Sein Kompagnon Schwingel hatte schon vor der Gründung der Wüste einen Dokumentarfilm über den Umgang mit Deserteuren im Zweiten Weltkrieg und danach gedreht. „Der NDR rief bei ihm an und fragte, wie heißt denn eure Firma? Der Zeitdruck war groß“, erinnert sich Schubert. „Sie dachten Deserteure, Desert-eure, englisch desert, Wüste, das war’s.“ Als dann Wüste Film gegründet wurde, hatte Schwingel seinen Namensvorschlag schon parat.
Mehr als 50 Filme gehören zum Portfolio
Das Gründungs-Trio blieb jedoch nicht lange zusammen. Becker stieg bald aus, weil er eigene Filme machen wollte.
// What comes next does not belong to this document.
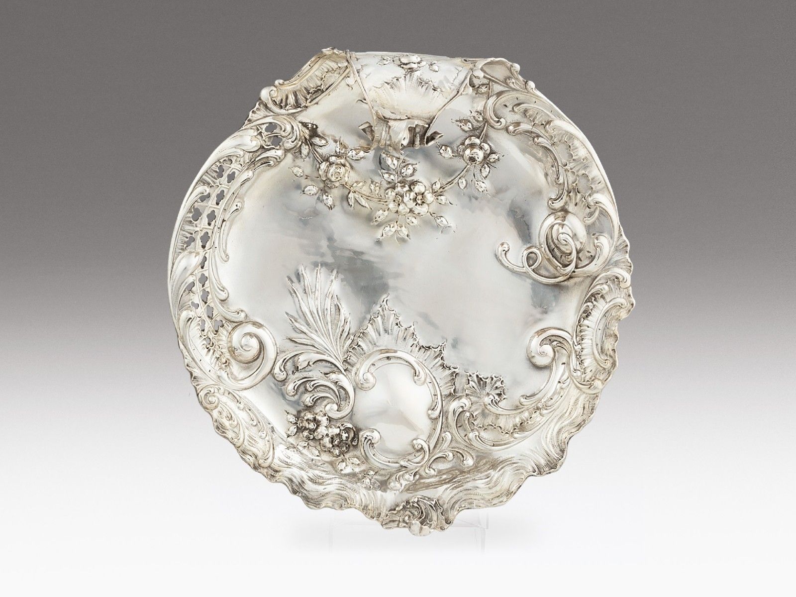 Ezüst, 770 g. Pogácsa lábakon álló, kerek forma, egyik oldalán visszahajló fogóval. Áttört peremén domborított, poncolt és vésett rokokó díszítmények. Öblében virágfüzér, valamint virágcsokorral és rokályokkal keretezett medali

Später wechselte auch Schwingel die Pferde. Er arbeitet inzwischen als Psychotherapeut in Hamburg. Aber als Triumvirat funktioniert die Wüste auch heute wieder. Stefan Schubert arbeitet mit Björn Vosgerau und Uwe Kolbe zusammen.
„Wir haben viel zu tun, wir stemmen gerade sehr viel gleichzeitig“, sagt Vosgerau. Mehr als 50 Filme haben die Wüstenfüchse schon auf dem Tacho. Aktuell drehen sie einen Dokumentarfilm, einen Thriller für die Degeto und noch einen „Tatort“. Im kommenden Jahr stehen dann wieder zwei Kinofilme an.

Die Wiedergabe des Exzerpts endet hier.